→ **WHAT IS EXPECTED**
From the records that follow, return exactly the lines beginning at the one that contains "This Tiwa Abstract" and ending at the one that contains "Leather Biker Jacket", pictures left out.

Top of PROVIDED MATERIAL

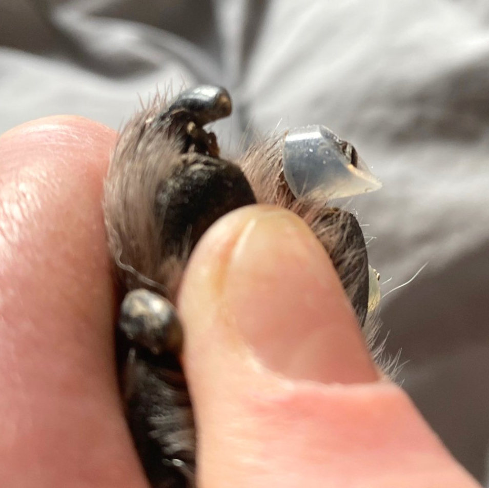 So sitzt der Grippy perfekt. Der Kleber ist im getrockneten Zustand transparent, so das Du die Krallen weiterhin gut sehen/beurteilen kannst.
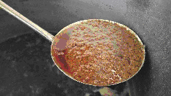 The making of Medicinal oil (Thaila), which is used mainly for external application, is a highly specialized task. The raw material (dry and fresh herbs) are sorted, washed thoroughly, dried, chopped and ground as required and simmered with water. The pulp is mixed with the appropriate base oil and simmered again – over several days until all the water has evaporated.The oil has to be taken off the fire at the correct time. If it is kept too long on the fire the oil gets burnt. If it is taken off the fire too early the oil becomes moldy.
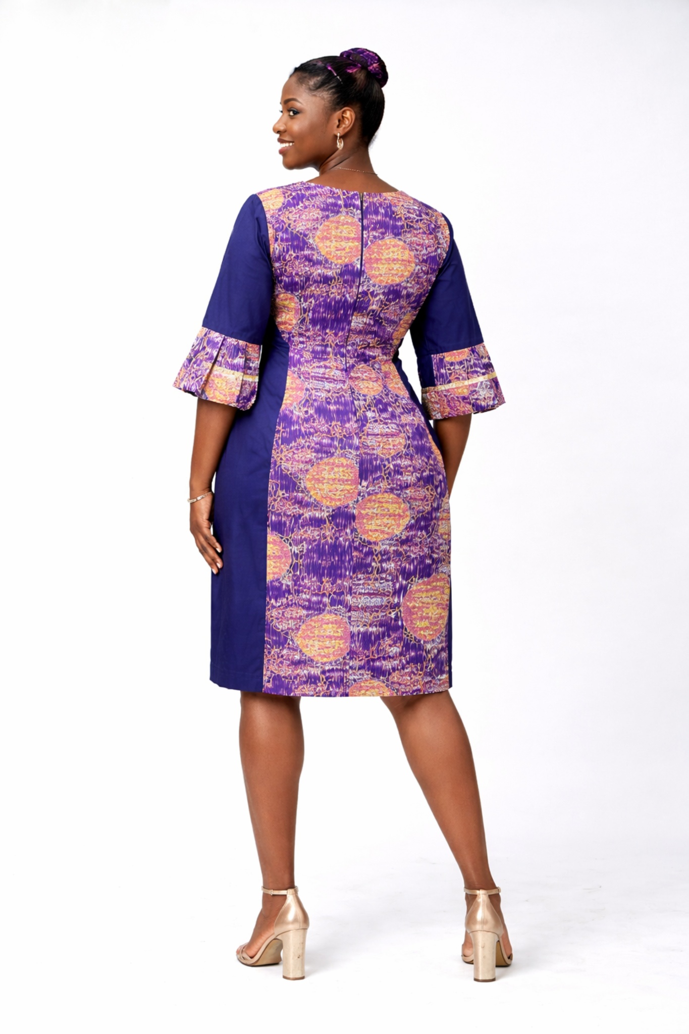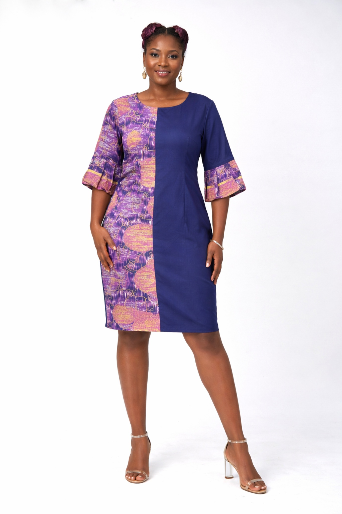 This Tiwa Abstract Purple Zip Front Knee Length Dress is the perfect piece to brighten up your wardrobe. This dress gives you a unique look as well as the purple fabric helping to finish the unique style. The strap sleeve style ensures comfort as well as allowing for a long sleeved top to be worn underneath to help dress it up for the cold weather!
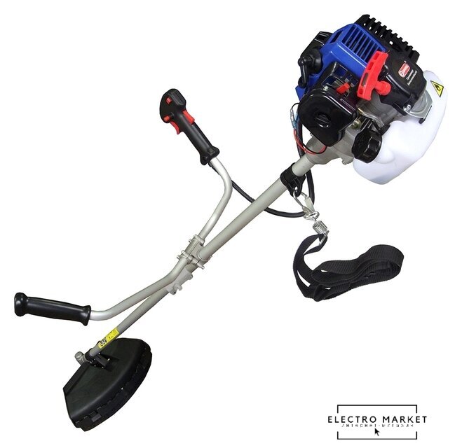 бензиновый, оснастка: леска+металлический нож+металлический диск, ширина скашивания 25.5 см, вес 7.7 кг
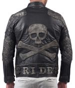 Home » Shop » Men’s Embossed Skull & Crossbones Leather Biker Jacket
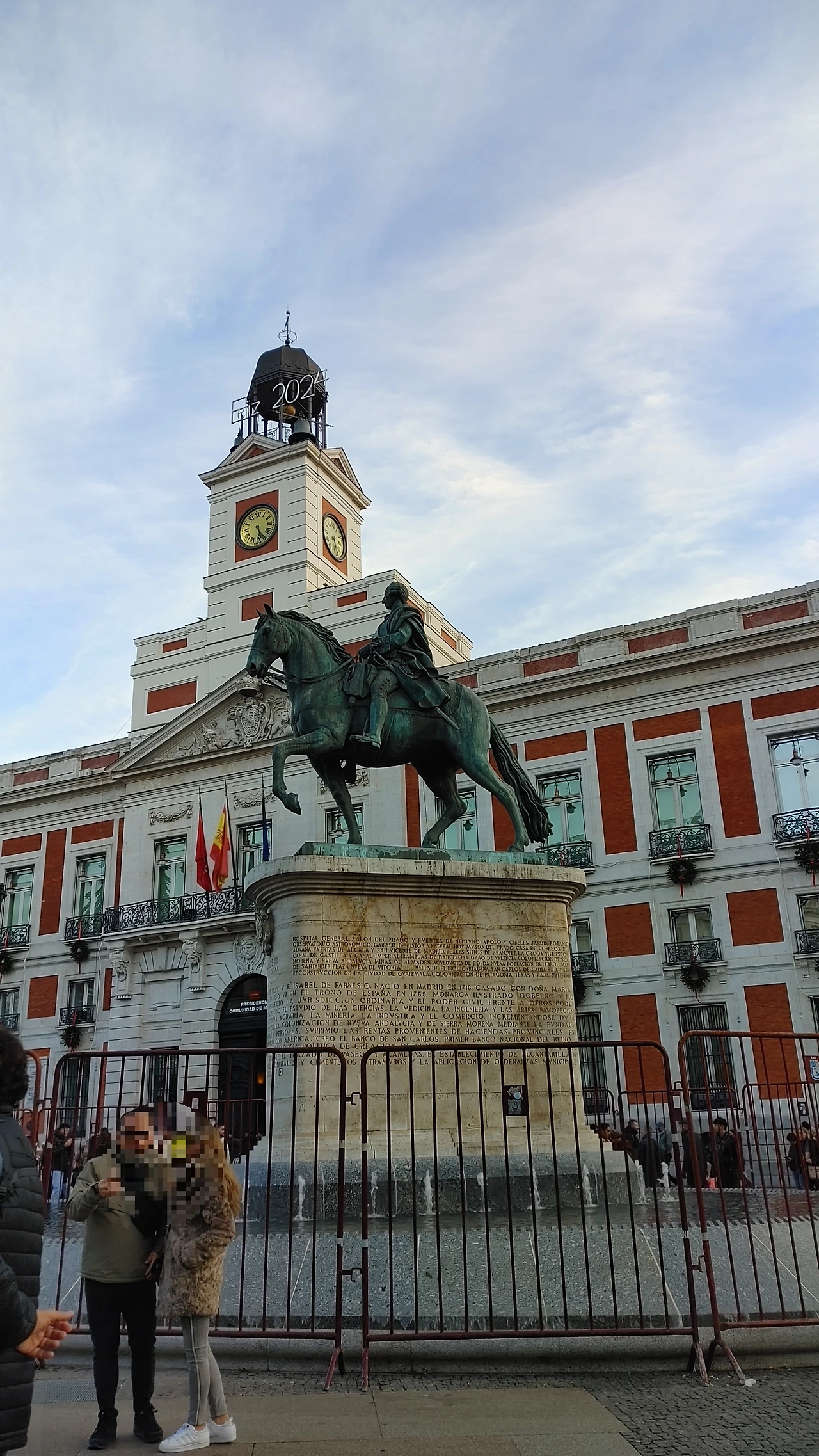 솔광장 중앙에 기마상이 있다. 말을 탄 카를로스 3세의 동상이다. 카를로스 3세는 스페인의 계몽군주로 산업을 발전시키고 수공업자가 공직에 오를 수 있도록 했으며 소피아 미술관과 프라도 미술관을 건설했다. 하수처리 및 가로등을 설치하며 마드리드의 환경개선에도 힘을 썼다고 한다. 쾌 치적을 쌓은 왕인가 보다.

Bottom of PROVIDED MATERIAL

→ **TASK RESULT**
 This Tiwa Abstract Purple Zip Front Knee Length Dress is the perfect piece to brighten up your wardrobe. This dress gives you a unique look as well as the purple fabric helping to finish the unique style. The strap sleeve style ensures comfort as well as allowing for a long sleeved top to be worn underneath to help dress it up for the cold weather!
 бензиновый, оснастка: леска+металлический нож+металлический диск, ширина скашивания 25.5 см, вес 7.7 кг
 Home » Shop » Men’s Embossed Skull & Crossbones Leather Biker Jacket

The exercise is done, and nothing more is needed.